Once you find the line below that has "Sadie Barnette’s multimedia", output it and every line after it exactly, stopping after the line that has "Les couverts Cutipol", with no pictures.

## DATASET EXTRACT
────────────────────

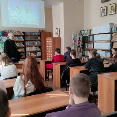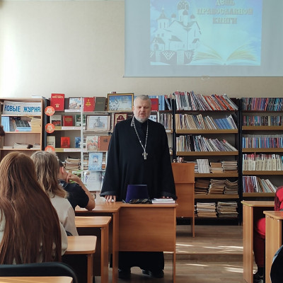 Отец Игорь поздравил присутствующих с Днём православной книги, передал в дар библиотеке православную литературу; интересно и доступно рассказал ребятам о значении книги в духовной и мирской жизни; о том, как важна вера в наше непростое время. Учащиеся узнали, что православная литература – не только богослужебная литература, жития святых, труды святых отцов, а также православная тематика присутствует в произведениях многих русских и современных писателей. Очень важно, что православная литература – это добрая литература, она воспитывает добрые чувства и побуждает к добрым поступкам. В заключение был сделан вывод о том, что православная книга – великий дар человеку от Бога. От того, какие книги будут читать дети, зависит их будущее.
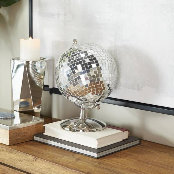 12 in. Silver Stainless Steel Disco Ball Style Decorative Globe
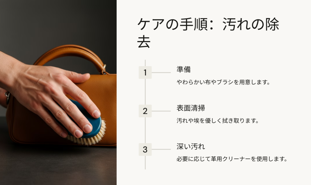最初に、革製品の表面の汚れや埃をやわらかい布やブラシで優しく拭き取ります。強くこすらないようにしましょう。革用のクリーナーを使うと、深い汚れも安全に落とせます。
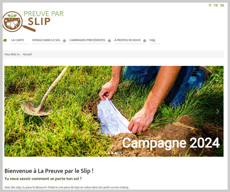 Ce projet de science citoyenne a été lancé le 7 avril 2021 par la station fédérale Agroscope et l'Université de Zurich. "La preuve par le slip" vise à déterminer la qualité des sols à l'échelle nationale en enterrant des sous-vêtements pendant deux mois. Des slips en coton seront ainsi distribués aux personnes intéressées à participer à l'expérience. L’objectif est de faire un relevé systématique de l’état de santé du sol. Le matériel doit être enterré dans le champ, la prairie ou le jardin. Au bout de deux mois, il faut le déterrer. Plus la décomposition est avancée, plus les organismes vivants dans le sol sont actifs et plus le sol est sain, c’est du moins l’hypothèse qu’il s’agit de vérifier dans le projet.Mission B / cycles 1, 2, 3, sec II
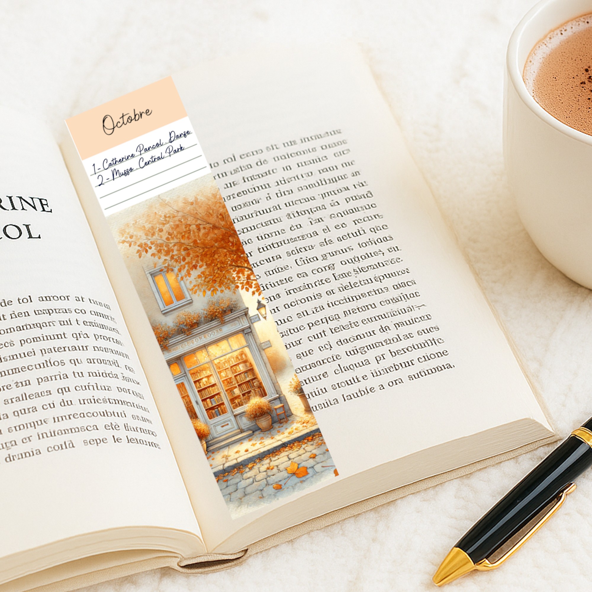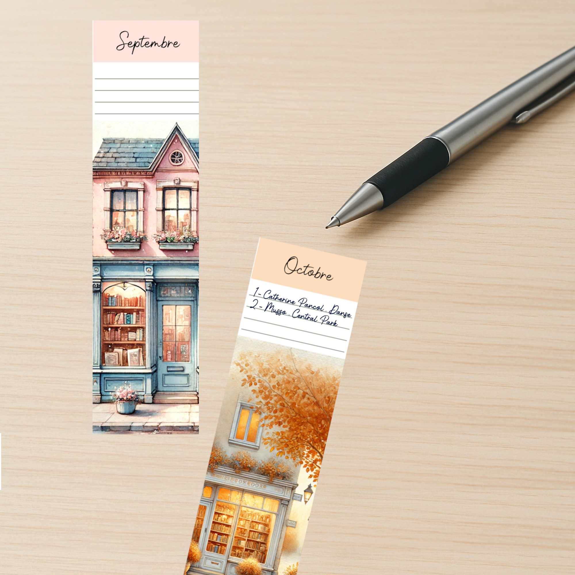 Chaque marque-page contient 4 lignes en haut afin que vous puissiez y inscrire vos lecture du mois.
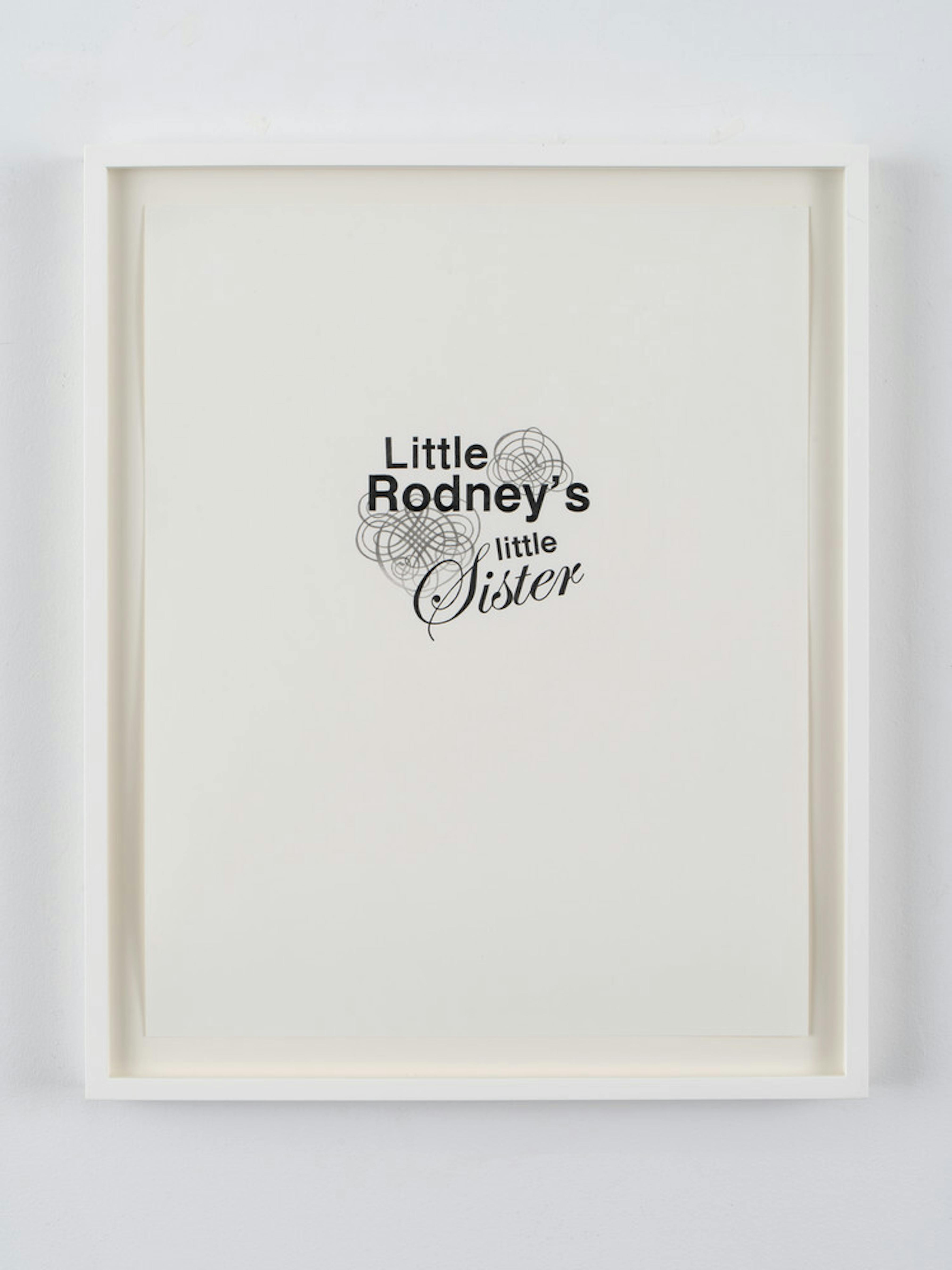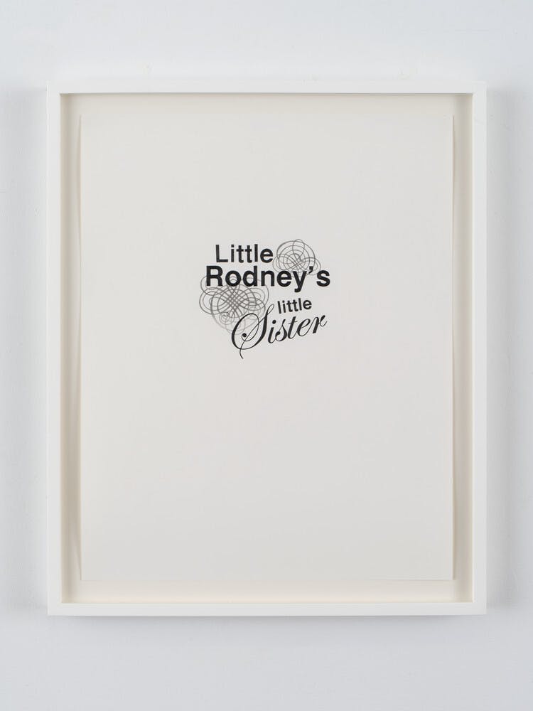 Sadie Barnette’s multimedia practice often highlights the ties between the aesthetic, the personal, and the political. In this series of drawings, texts in different typographical styles describe her relationship to various family members. Barnette's drawings underscore that her artistic experimentation is grounded in knowledge she learned as a daughter, sister, granddaughter, and niece.
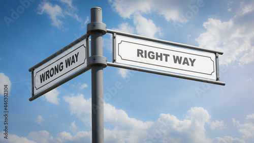 © Thomas Reimer, Fototapeta premium Street Sign to RIGHT WAY versus WRONG WAY
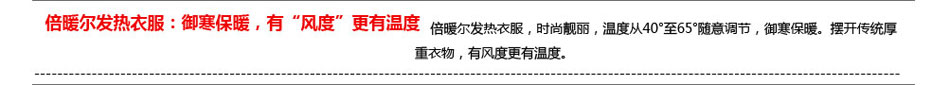 【倍暖爾】充電發(fā)熱鞋、發(fā)熱手套、發(fā)熱衣服不僅款式時尚,供年輕消費者選擇,【倍暖爾】發(fā)熱馬甲,足以替代傳統(tǒng)保暖羽絨制服,完全可以實現(xiàn)“美麗、風(fēng)度,更有溫度”的需求。當(dāng)然除此,時尚的發(fā)熱手套、發(fā)熱鞋無一不是年輕人的所愛。
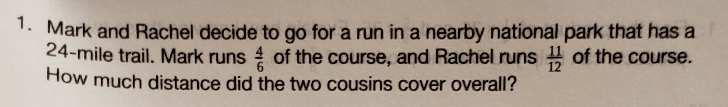 1. Mark and Rachel decide to go for a run in a nearby national park...
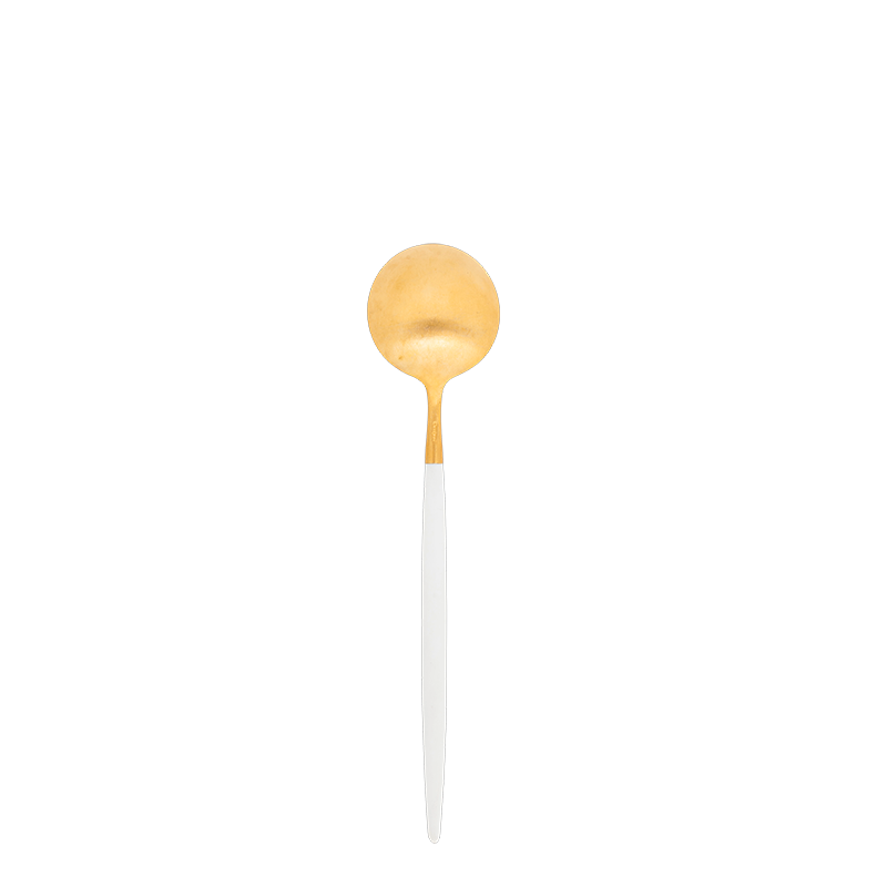 Les couverts Cutipol blanc et doré, avec leur forme fine et élancée, ajoutent une touche de grâce. Leur design épuré et leur finition dorée brillante complètent parfaitement l'esthétique de la table.
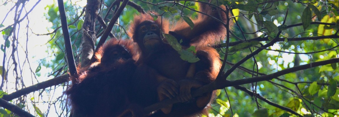 In the large-group Forest School, seven young orangutans actively play and learn together under the watchful care of our experienced surrogate mothers. It has been two months since these orphans moved to the site of the new Forest School. Despite being in a safe environment, they are still easily startled by strange sounds coming from the surrounding forest.

────────────────────

## COMPLETED TASK
 Sadie Barnette’s multimedia practice often highlights the ties between the aesthetic, the personal, and the political. In this series of drawings, texts in different typographical styles describe her relationship to various family members. Barnette's drawings underscore that her artistic experimentation is grounded in knowledge she learned as a daughter, sister, granddaughter, and niece.
 © Thomas Reimer, Fototapeta premium Street Sign to RIGHT WAY versus WRONG WAY
 【倍暖爾】充電發(fā)熱鞋、發(fā)熱手套、發(fā)熱衣服不僅款式時尚,供年輕消費者選擇,【倍暖爾】發(fā)熱馬甲,足以替代傳統(tǒng)保暖羽絨制服,完全可以實現(xiàn)“美麗、風(fēng)度,更有溫度”的需求。當(dāng)然除此,時尚的發(fā)熱手套、發(fā)熱鞋無一不是年輕人的所愛。
 1. Mark and Rachel decide to go for a run in a nearby national park...
 Les couverts Cutipol blanc et doré, avec leur forme fine et élancée, ajoutent une touche de grâce. Leur design épuré et leur finition dorée brillante complètent parfaitement l'esthétique de la table.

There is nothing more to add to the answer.